Leaving out every picture, copy the lines of the material below exactly, from the line containing "이중 접합 유리가 적용되어" through the line containing "После этого приложение".

Records supplied Block Start

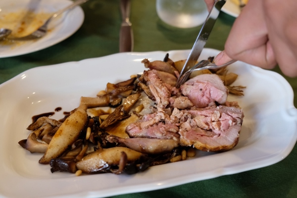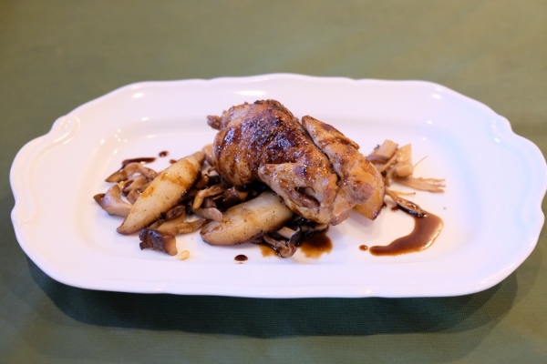 うずらから取った出汁、バルサミコソース、赤ワインなどで作った特製ソースがこれまたおいしい! キノコ、旬の果物のソテー(この日は梨でした)と一緒に絡めていただきました。
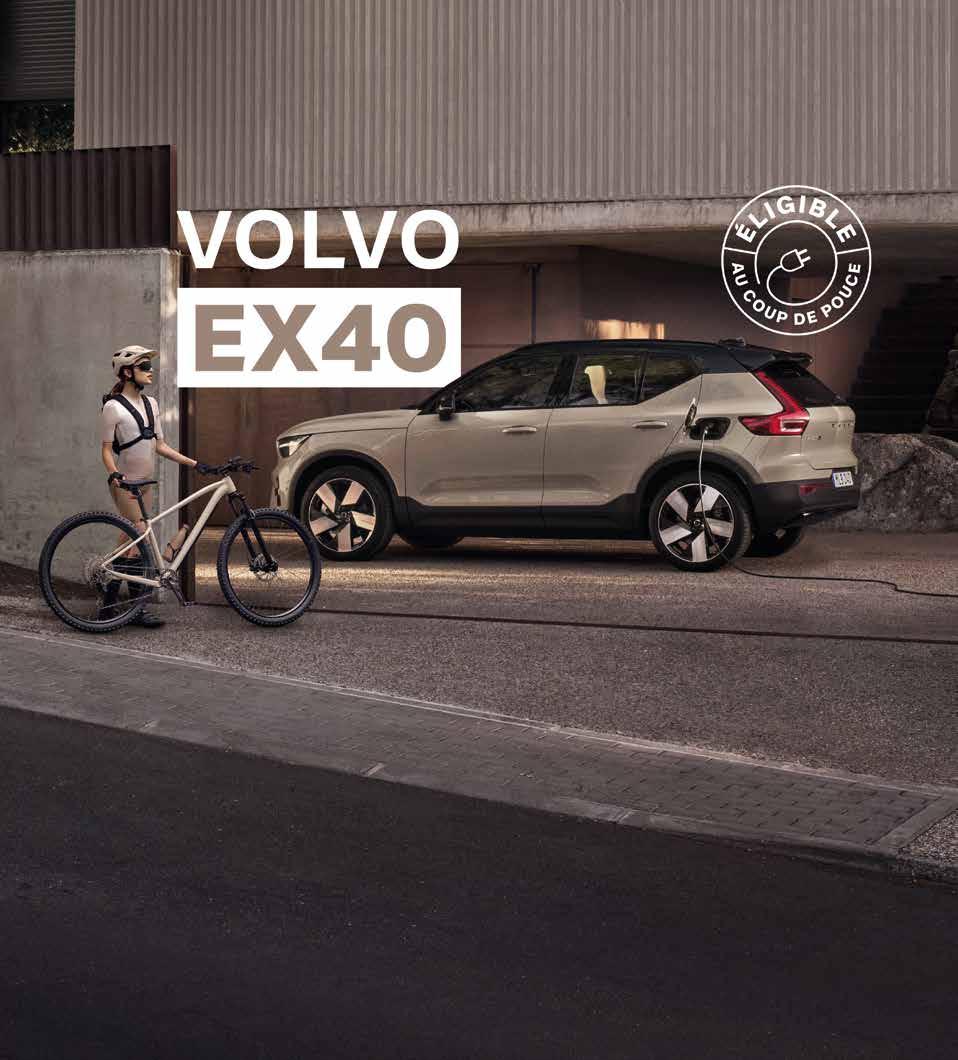(1) EX40 Single Start neuf, LLD 49 mois, 40 000 km, 1er loyer de 4 800€ ramené à 0€ après déduction de la prime CEE « Coup de pouce » de 4 800€*, sous condition de revenus, puis 48 loyers de 385€. *Montant de la Prime CEE « Coup de pouce » par Économie Énergie SAS (Détails : https://www.ecologie.gouv.fr). Réservé aux particuliers dans le réseau participant pour toute commande du 01/01 au 30/04/2026 si accord Volvo Car Finance . Détails : www.volvocars.fr. Modèle présenté : EX40 Single Plus avec options, sans apport (prime 4 800€ déduite) puis 48 loyers de 467€ .
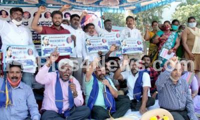 Photo Caption : Members of Karnataka Dalita Sangharsha Samiti staging dharan at MG Statue, Anand Rao Circle to press their various demands, in Bengaluru on Thursday 25th February 2021
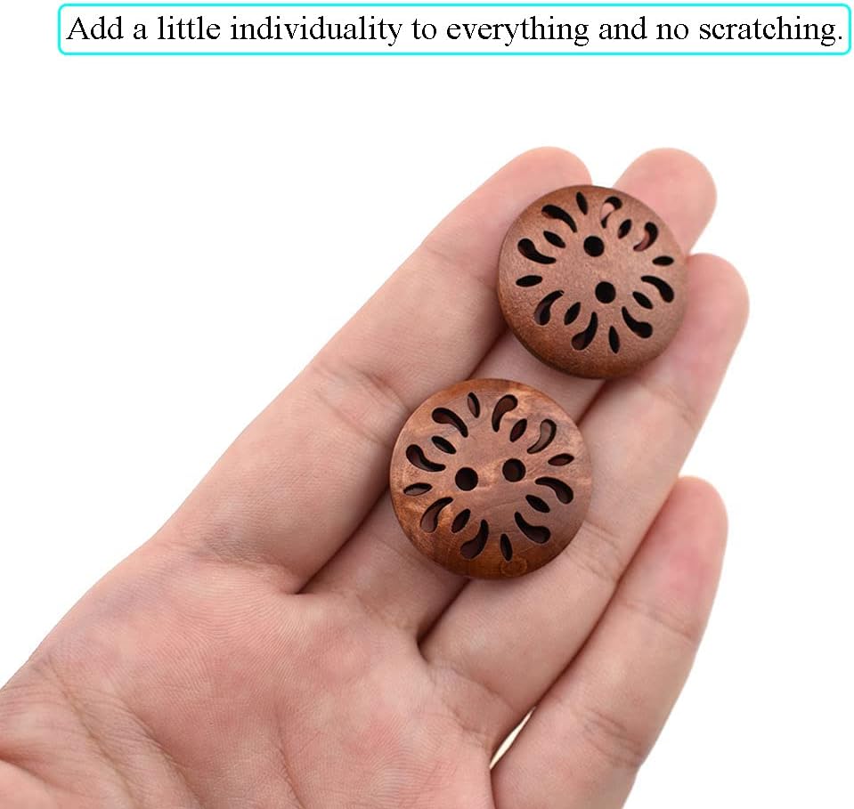 Bigger needling holes:You will like that the buttons have large holes with no wood splinters,so you don't have to use a really fine-sized needle in that case.They are easy to sew on even with a thicker needle.The rather large holes also gives you more room to use embroidery thread to add even more color and texture.
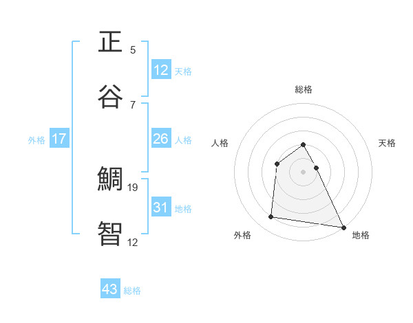 正谷 鯛智さんの総格は43画の2点!
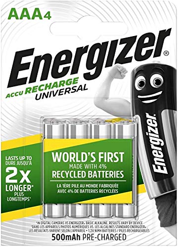 Energizer, batterie ricaricabili NiMH AAA, universali, 500 mAh, 1500 cicli, precaricate, AAA UNH12BP;
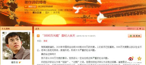 經濟學者又來談社會問題了。浙江財經學院教授謝作詩10月14日在博客中撰文《“3000萬光棍”是杞人憂天》,用經濟學原理來解釋這個社會問題,稱收入低的男人可以幾個人合起來找一個老婆。他還表示,允許同志合法結婚,可能也能緩解3000萬光棍問題。
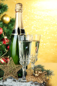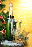 butelkę szampana z kulek szkła i Boże Narodzenie na fioletowym tle
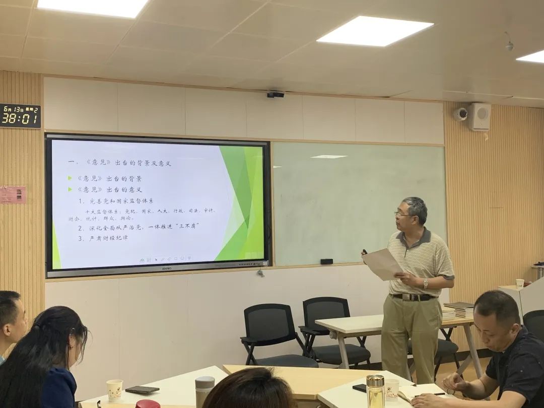 教学科研沙龙活动开始,首先由会计与金融学院院长赵选民教授做了主题为“加强财务会计监督,助力经济高质量发展”的分享,对于中共中央办公厅和国务院办公厅最新印发的《关于进一步加强财会监督工作的意见》从《意见》出台的背景及意义、财会监督的内涵、指导思想、主要目标、工作原则、健全财会监督体系等几个方面进行了解读。赵选民教授倡导教师们结合自身实际,学习宣传贯彻落实《意见》,真正在学懂弄通做实上下功夫,将《意见》精神融入到教育教学当中去,充分发挥教育在提升财会监督效能当中的作用,促进财会监督工作高质量发展。
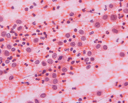 The inflammatory cell background in Hodgkin’s lymphoma is the source of confusion. Hodgkin’s lymphoma is most commonly seen in middle aged adults and most commonly presented with lymphadenopathy. Reed-Sternberg cells and lacunar cells are typical for Hodgkin’s disease. Langerhans’ cell histiocytosis usually does not attain the degree of pleomorphism of Reed-Sternberg cells. Langerhans’ cells histiocytosis can also be confused with some non-Hodgkin’s lymphomas. Immunohistochemistry is also helpful.
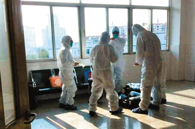 1月27日,廈門海滄第二醫(yī)院發(fā)現(xiàn)第一例疑似H7N9病例,醫(yī)護高度緊張,全副武裝隔離病人。圖/東方IC
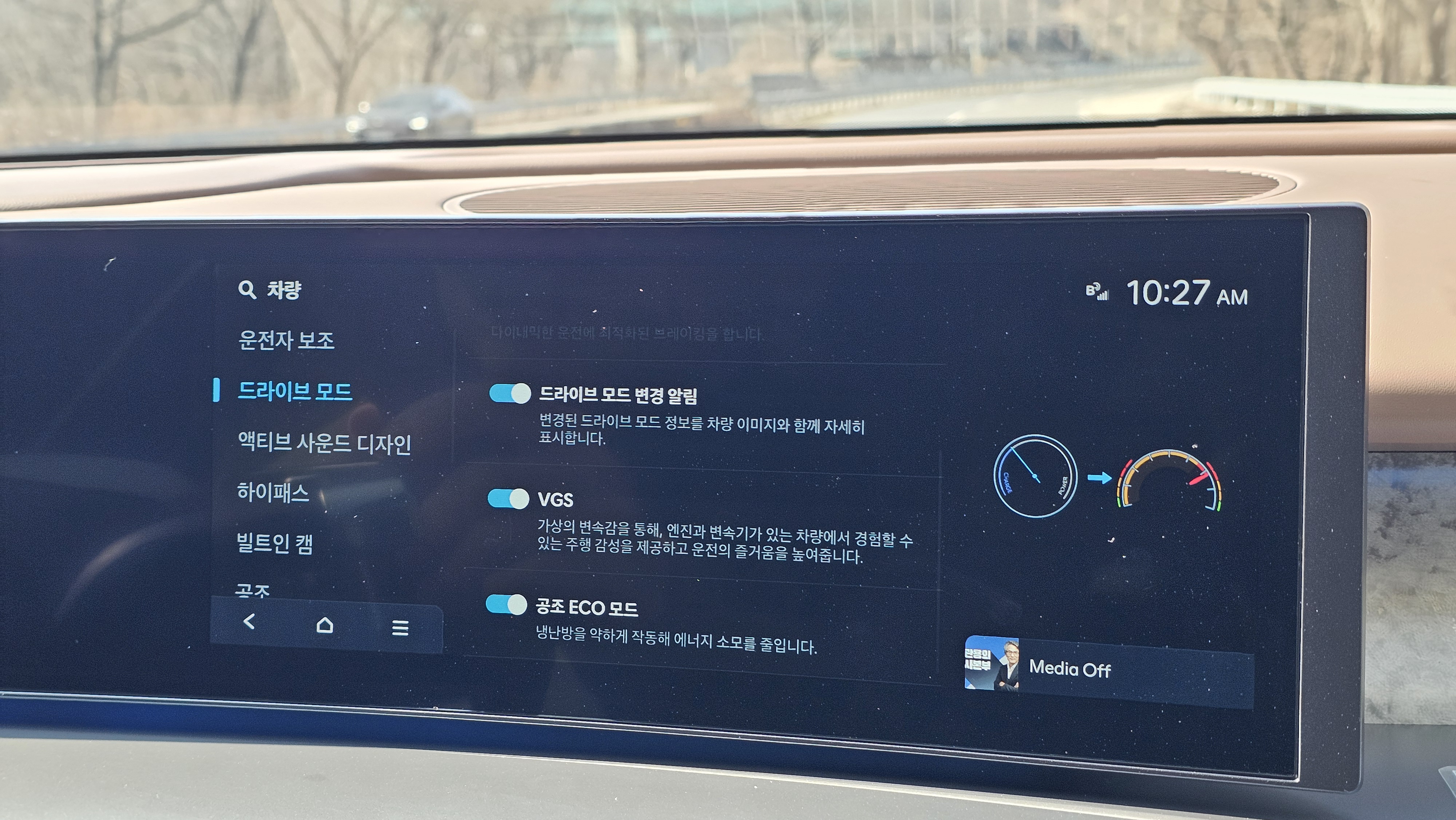 이중 접합 유리가 적용되어 있어 외부 소음이 적게 들어왔는데, 아무래도 전기차 특성상 작은 소리도 예민하게 느껴지는 부분들을 잘 반영을 한 것 같습니다.
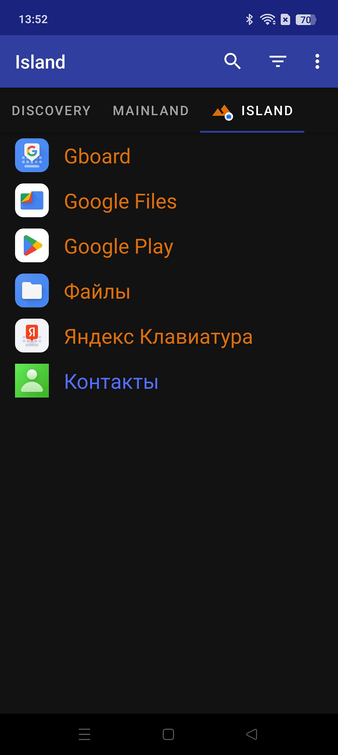 После этого приложение можно будет открыть как с помощью Island, так и с рабочего стола смартфона Android. Причем все установленные в изолированном пространстве приложения будут помечаться значком замка и не получат доступ к «основному» гаджету.
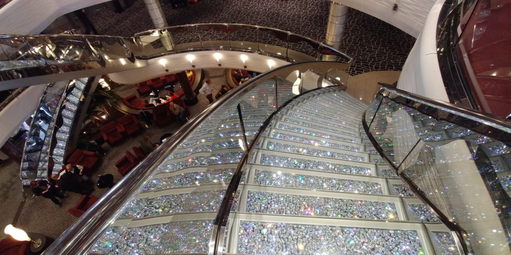 A személyes élmények és benyomások előtt kezdjük a számokkal. Az úszó erőd pontosan egyharmad km, azaz “kerek” 333,3 méter hosszú, 38 méter széles, magassága 66,7 méter, 18 emelet, összsúlya 139 000 tonna, de így is 23,75 csomóval, azaz majdnem 44 km/h max. sebességgel tud rombolni.
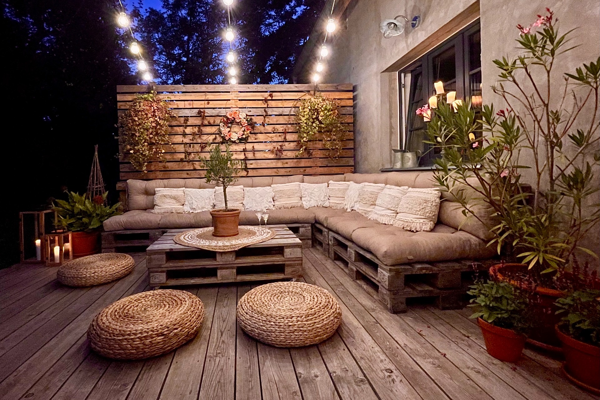 Součástí apartmánu je soukromá terasa, kde si můžete vychutnat snídani z lokálních bio produktů nebo večer posedět při svíčkách.

Records supplied Block End

Solution »
 이중 접합 유리가 적용되어 있어 외부 소음이 적게 들어왔는데, 아무래도 전기차 특성상 작은 소리도 예민하게 느껴지는 부분들을 잘 반영을 한 것 같습니다.
 После этого приложение можно будет открыть как с помощью Island, так и с рабочего стола смартфона Android. Причем все установленные в изолированном пространстве приложения будут помечаться значком замка и не получат доступ к «основному» гаджету.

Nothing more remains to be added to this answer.